Incident: China Merchants Bank released its 2024 three-quarter report. In the first three quarters of 2024, China Merchants Bank achieved operating income of 252.709 billion yuan, a year-on-year decrease of 2.91%; net profit attributable to shareholders was 113.184 billion yuan, a year-on-year decrease of 0.62%.
Comment:
The growth rate of 2024Q3 net profit to mother changed from negative to positive. In the first three quarters of 2024, China Merchants Bank achieved operating income of 252.709 billion yuan, a year-on-year decrease of 2.91%; net profit attributable to shareholders was 113.184 billion yuan, a year-on-year decrease of 0.62%. As far as the third quarter was concerned, the decline in revenue increased by 1.03 percentage points, and the growth rate of net profit to mother changed from negative to positive, and the growth rate increased 1.46 percentage points from month to month. The average return on total assets (ROAA) attributable to shareholders after annualization and the average return on net assets (ROAE) attributable to common shareholders after annualization were 1.33% and 15.38%, respectively, down 0.13 and 2.00 percentage points from the previous year.

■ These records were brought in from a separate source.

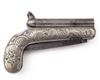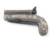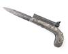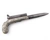 Belgian circa 1840, with round etched damascus 3 1/4in. side by side barrels, twin central hammers cupping the rear-mounted nipples, floral and shell engraved white metal pistol-grip bolsters, twin manually operated concealed folding triggers, spear-point 4 1/4in. knife blade mounted to the underside and folding into a cavity within the grip and black ebonite grip fills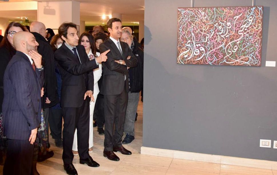 وألقى السفير بسام راضي، سفير مصر في روما، كلمة أكد فيها أهمية الخط العربي وتاريخه، معبرًا عن الاعتزاز به كجزء أصيل من الحضارتين العربية والإسلامية، مشيرًا إلى ما يحمله من عناصر فنية راقية تجمع بين إبداعات الخط العربي ومعاني الكلمات العميقة والرسومات الدقيقة.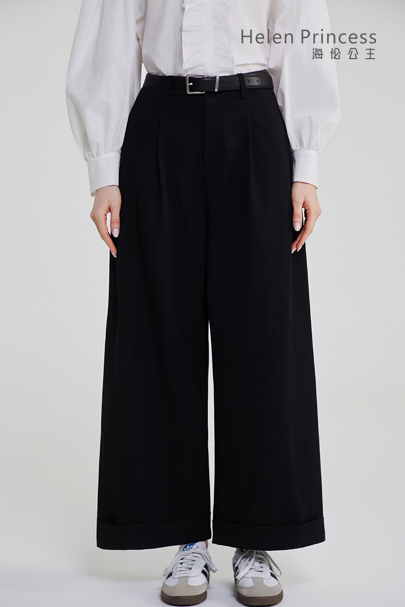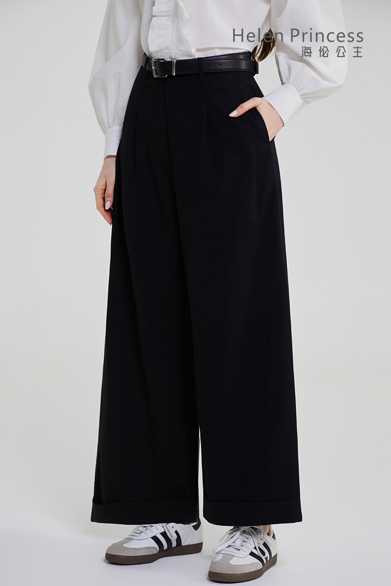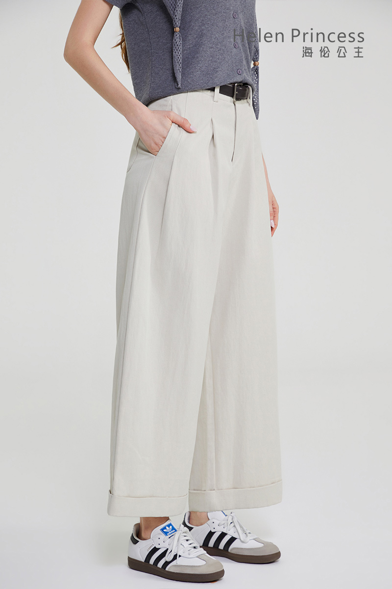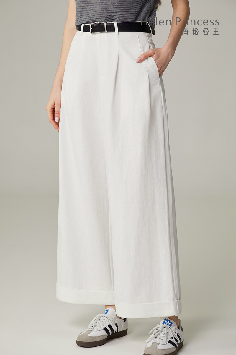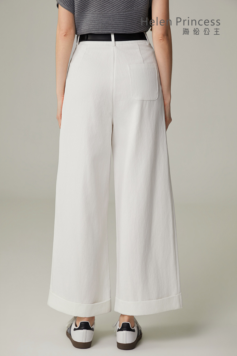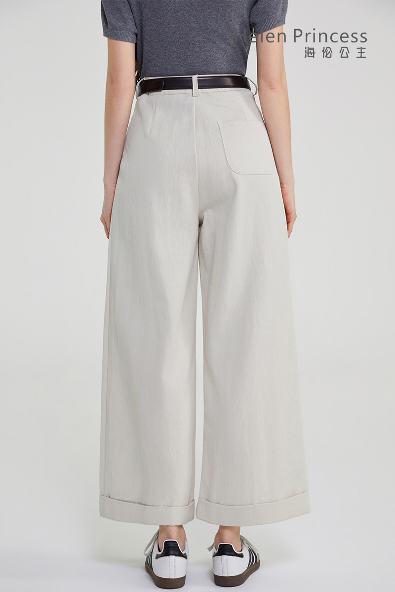 垂坠感面料挺括有型,带来舒适自在的穿着体验。高腰设计搭配时髦腰带,轻松勾勒腰线,拉长腿部比例;卷边裤腿,休闲自然,行走间尽显随性大气。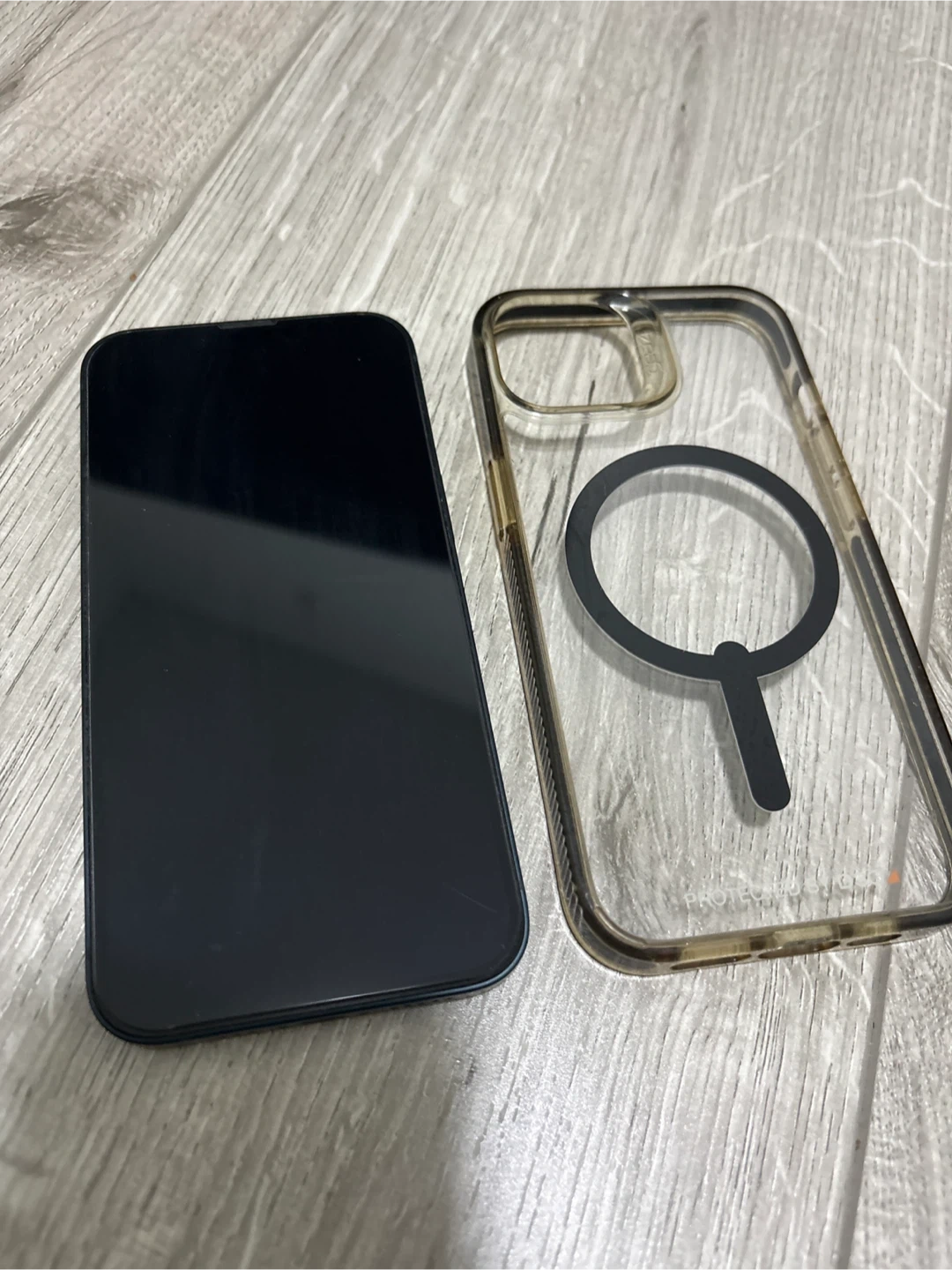 Selling an Apple iPhone 13 128Gb dark blue. It's in used condition with 75% maximum battery capacity. Includes a clear MagSafe compatible case.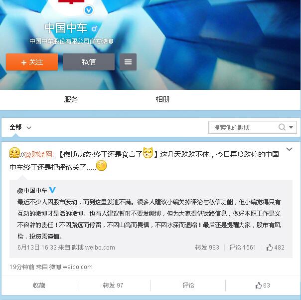 因为连续的跌停,中国中车被股民调侃称“灵车”。因此,最近其官方微博@中国中车已沦为“深受伤害”的股民们吐槽和泄愤之地。就在3天前,中国中车的官方微博仍信誓旦旦保证绝对不关微博评论。然而,今天官微@中国中车发布的几条微博的评论已经全部关闭!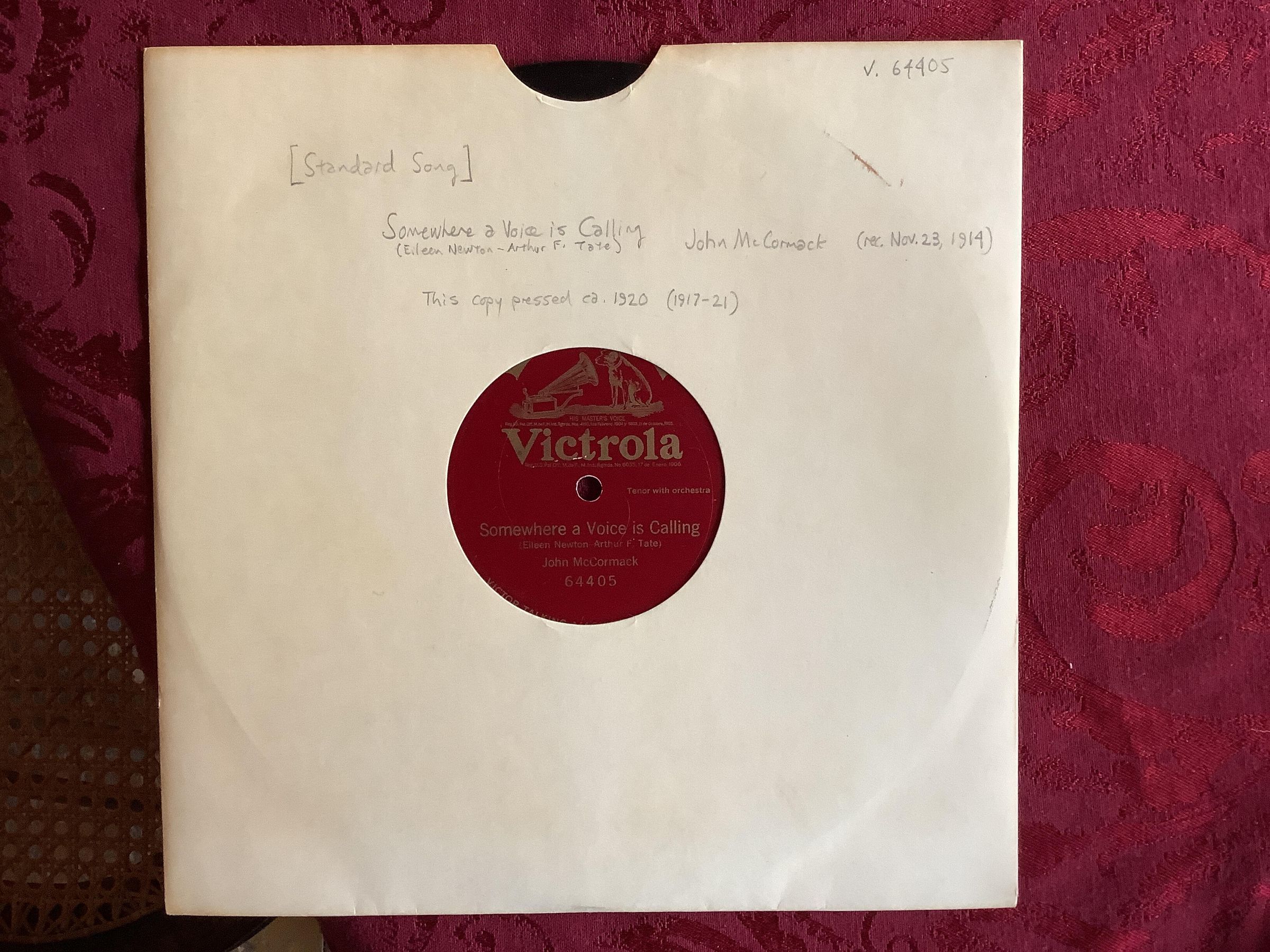 Victrola record. Tenor with orchestra. Somewhere a Voice is Calling (Eileen Newton - Arthur F. Tate) - John McCormack. Standard Song. 64405.Create Date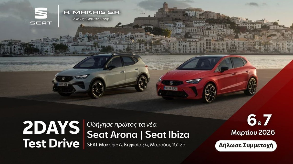 Για δηλώσεις συμμετοχής: https://a-makris.gr/blog/seat-test-drive-2026/ ή τηλεφωνικά.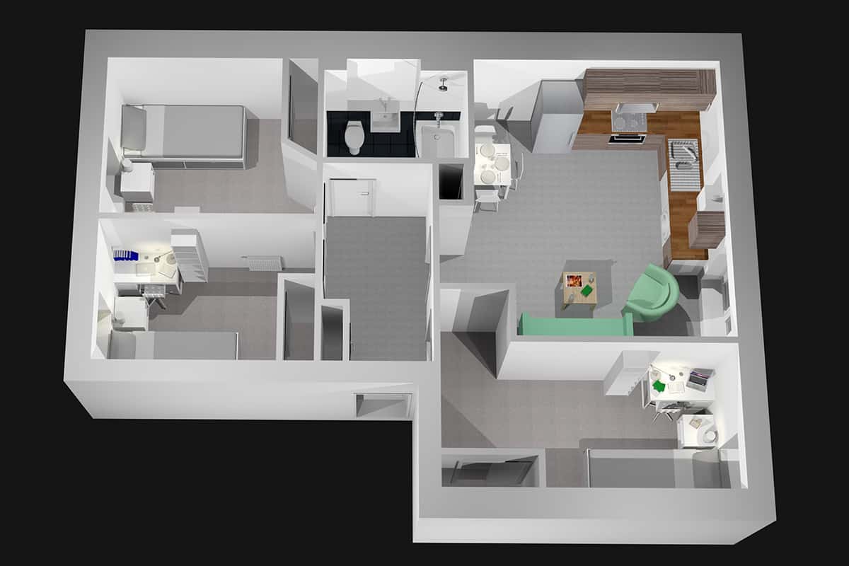 This 2 bed study has a bright bedroom with ¾ sized beds with great under bed storage. Each room comes with a mirrored wardrobe, shelving unit, desk with drawers and has large windows which bring in a lot of natural light. It is also benefits from a shared spacious bathroom with a WC, large bath with overhead shower, sink and accessories.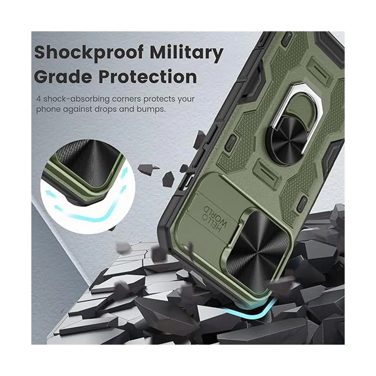 Caka Funda para iPhone 14 Pro, funda para iPhone 14 Pro con funda de cámara y soporte, soporte de anillo giratorio de 360 integrado para iPhone 14 Pro, color verde

Consignment wealth management revenue grew at a high year-on-year rate. After splitting the revenue structure, China Merchants Bank achieved net interest income of 157.298 billion yuan in the first three quarters, a year-on-year decrease of 3.07%. Net non-interest income of 95.411 billion yuan was achieved, down 2.63% year on year. When split, net handling fee and commission revenue was 55.702 billion yuan, down 16.90% year on year. Driven by the two factors of increase in consignment scale and product structure optimization, consignment wealth management revenue increased 47.36% year on year; and due to the continued impact of insurance fee reduction effects, agency insurance income decreased by 54.56% year on year. Other net income was 39.709 billion yuan, up 28.23% year over year, mainly due to increased income from bond and fund investments.
Deposit costs continue to be optimized. In the first three quarters of 2024, China Merchants Bank's net interest spread was 1.99%, down 20 basis points year on year and 2 basis points month on month. Affected by the reduction in the quoted interest rate (LPR) in the loan market and the reduction in interest rates on existing mortgages, combined with insufficient demand for effective credit, the yield on emerging credit operations declined year-on-year, leading to a decline in yield on interest-bearing assets, which is a major factor in lowering the return on net interest. At the same time, benefiting from lower deposit interest rates and strict restrictions by regulatory authorities on high-demand savings practices such as manual interest payments, and the company continued to drive the growth of low-cost core deposits, deposit costs continued to drop 4 basis points to 1.54% month-on-month in the third quarter, which had a positive effect on net interest yields.
The bad generation rate continues to improve. At the end of September, China Merchants Bank's non-performing loan ratio was 0.94%, down 0.01 percentage points from the end of the previous year, which was the same; the non-performing loan generation rate was 1.02%, down 0.01 percentage points from the previous year; it focused on the loan ratio of 1.30%, up 0.20 percentage points from the end of the previous year, and an increase of 0.06 percentage points over the previous year. Concern loans were mainly disrupted by the retail side. Among them, interest loan ratios for personal housing loans and credit card loans increased 0.32 and 0.56 percentage points to 1.27% and 3.91%, respectively, from the end of the previous year. The provision coverage rate was 432.15%, down 5.55 percentage points from the end of the previous year, down 2.27 percentage points from the previous year, and risk offsetting capacity is still at a high level.
Investment advice: Maintain a “buy” rating. China Merchants Bank's net assets are estimated to be 40.91 yuan per share in 2024, and the corresponding PB is 0.94 times the current stock price.
Risk warning: Risk that consumer consumption and corporate investment will fall short of expectations due to economic fluctuations; risk of weakening credit demand and pressure on bank asset quality due to falling short of expectations in real estate; risk that falling market interest rates will cause bank asset-side returns to decline, and net interest spreads will continue to be pressured.